Definition and Basic Principles
Magnetism is a fundamental field effect produced by the movement of an electrical charge, whether that charge is within individual atoms such as iron or is the movement of large quantities of electrons through an electrical conductor. The electrical field effect is intimately related to that of magnetism. The two can exist independently of each other, but when the electrical field is generated by the movement of a charge, the electrical field is always accompanied by a magnetic field. Together, they are referred to as an electromagnetic field. The precise mathematical relationship between electric and magnetic fields allows electricity to be used to generate magnetic fields of specific strengths, commonly through the use of conductor coils, in which the flow of electricity follows a circular path. The method is well understood and is the basic operating principle of both electric motors and electric generators.

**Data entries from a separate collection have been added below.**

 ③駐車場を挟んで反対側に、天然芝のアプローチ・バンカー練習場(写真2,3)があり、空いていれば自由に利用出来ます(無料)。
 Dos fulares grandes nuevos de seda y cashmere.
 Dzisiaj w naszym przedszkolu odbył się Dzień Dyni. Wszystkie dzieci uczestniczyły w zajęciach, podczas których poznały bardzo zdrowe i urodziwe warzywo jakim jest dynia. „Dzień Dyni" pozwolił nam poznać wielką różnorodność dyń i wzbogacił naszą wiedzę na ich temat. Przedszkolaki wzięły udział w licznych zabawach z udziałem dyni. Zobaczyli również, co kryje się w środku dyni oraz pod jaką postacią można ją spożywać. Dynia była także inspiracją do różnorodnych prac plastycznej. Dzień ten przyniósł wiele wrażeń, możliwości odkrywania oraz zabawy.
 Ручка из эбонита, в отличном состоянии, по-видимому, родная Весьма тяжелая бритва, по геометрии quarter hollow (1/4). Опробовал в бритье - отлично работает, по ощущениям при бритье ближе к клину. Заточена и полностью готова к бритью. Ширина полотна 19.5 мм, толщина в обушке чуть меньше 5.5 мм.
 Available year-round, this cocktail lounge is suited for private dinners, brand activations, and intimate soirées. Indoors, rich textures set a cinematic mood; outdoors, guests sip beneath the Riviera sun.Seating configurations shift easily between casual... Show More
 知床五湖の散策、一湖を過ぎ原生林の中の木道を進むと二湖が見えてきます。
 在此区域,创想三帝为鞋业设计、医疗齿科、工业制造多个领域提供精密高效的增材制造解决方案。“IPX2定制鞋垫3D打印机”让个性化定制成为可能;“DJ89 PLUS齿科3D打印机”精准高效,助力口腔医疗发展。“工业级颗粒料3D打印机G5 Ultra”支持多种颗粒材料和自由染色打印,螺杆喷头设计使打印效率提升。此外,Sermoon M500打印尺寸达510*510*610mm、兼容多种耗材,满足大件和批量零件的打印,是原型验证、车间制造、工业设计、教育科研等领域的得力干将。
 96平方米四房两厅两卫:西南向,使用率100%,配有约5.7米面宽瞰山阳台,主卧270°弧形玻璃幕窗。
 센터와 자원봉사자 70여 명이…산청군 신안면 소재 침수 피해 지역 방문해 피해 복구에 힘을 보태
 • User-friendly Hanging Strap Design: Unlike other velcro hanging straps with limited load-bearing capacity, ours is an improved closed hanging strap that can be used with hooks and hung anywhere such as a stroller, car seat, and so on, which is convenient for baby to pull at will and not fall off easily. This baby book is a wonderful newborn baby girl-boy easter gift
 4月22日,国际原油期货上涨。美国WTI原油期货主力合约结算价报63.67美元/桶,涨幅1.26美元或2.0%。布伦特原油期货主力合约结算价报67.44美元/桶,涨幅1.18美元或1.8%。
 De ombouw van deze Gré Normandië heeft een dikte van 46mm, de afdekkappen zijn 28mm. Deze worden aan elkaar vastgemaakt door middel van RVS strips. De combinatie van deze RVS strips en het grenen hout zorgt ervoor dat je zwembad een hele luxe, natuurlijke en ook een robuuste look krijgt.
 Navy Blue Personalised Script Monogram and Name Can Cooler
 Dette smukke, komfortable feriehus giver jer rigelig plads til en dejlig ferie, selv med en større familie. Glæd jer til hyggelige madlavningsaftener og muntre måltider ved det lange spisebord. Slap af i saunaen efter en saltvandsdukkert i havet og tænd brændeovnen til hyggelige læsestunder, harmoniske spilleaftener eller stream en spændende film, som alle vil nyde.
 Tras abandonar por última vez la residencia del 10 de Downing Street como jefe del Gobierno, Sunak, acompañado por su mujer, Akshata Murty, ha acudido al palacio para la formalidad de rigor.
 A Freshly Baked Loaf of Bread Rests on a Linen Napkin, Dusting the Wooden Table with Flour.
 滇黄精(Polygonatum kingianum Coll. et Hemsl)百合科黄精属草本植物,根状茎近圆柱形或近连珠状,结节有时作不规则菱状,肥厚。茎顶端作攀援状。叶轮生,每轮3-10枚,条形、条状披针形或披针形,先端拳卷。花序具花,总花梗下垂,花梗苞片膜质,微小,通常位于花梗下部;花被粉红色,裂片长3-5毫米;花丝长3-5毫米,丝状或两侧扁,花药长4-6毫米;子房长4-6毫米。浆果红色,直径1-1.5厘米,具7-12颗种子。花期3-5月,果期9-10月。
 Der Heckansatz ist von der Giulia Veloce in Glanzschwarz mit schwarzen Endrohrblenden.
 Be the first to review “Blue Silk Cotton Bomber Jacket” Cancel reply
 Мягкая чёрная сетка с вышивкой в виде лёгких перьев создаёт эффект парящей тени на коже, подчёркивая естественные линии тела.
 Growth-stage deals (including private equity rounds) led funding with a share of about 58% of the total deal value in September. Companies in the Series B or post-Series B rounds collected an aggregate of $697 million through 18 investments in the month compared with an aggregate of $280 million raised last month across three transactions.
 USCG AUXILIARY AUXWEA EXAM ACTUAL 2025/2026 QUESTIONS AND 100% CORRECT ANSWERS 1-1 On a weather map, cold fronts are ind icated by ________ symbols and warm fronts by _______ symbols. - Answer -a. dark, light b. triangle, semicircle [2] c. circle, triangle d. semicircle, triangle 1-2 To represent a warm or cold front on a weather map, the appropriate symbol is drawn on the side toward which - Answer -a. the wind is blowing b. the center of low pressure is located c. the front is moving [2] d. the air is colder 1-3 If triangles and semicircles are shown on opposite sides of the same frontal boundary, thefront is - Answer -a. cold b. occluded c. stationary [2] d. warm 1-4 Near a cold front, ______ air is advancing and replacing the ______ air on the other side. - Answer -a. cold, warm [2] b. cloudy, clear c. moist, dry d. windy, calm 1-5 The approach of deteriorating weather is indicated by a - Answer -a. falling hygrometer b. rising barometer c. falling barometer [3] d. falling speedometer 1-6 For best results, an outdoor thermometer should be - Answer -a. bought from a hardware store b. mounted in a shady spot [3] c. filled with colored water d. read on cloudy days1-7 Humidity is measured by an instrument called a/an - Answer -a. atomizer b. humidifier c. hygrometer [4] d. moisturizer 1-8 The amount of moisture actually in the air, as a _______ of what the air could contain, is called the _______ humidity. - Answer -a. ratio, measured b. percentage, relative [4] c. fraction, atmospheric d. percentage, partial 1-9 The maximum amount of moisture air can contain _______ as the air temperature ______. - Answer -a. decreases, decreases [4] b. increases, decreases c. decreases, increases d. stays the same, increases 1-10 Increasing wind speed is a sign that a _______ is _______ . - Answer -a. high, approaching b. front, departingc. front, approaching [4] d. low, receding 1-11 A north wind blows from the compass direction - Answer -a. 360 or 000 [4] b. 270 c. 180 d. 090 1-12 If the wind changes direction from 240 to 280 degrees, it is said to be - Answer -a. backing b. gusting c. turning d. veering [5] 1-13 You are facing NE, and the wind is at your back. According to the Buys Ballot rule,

When used with magnetically susceptible materials, this method transmits magnetic effects that work for a variety of purposes. Bulk material handling can be carried out in this way. On a much smaller scale, the same method permits the manipulation of data bits on magnetic recording tape and hard disk drives. This fine degree of control is made possible through the combination of digital technology and the relationship between electric and magnetic fields.
Background and History
The relationship between electric current and magnetic fields was first observed by Danish physicist and chemist Hans Christian Oersted (1777–1851), who noted, in 1820, how a compass placed near an electrified coil of wires responded to those wires. When electricity was made to flow through the coil, these wires changed the direction in which the compass pointed. Oersted reasoned that a magnetic field must exist around an electrified coil.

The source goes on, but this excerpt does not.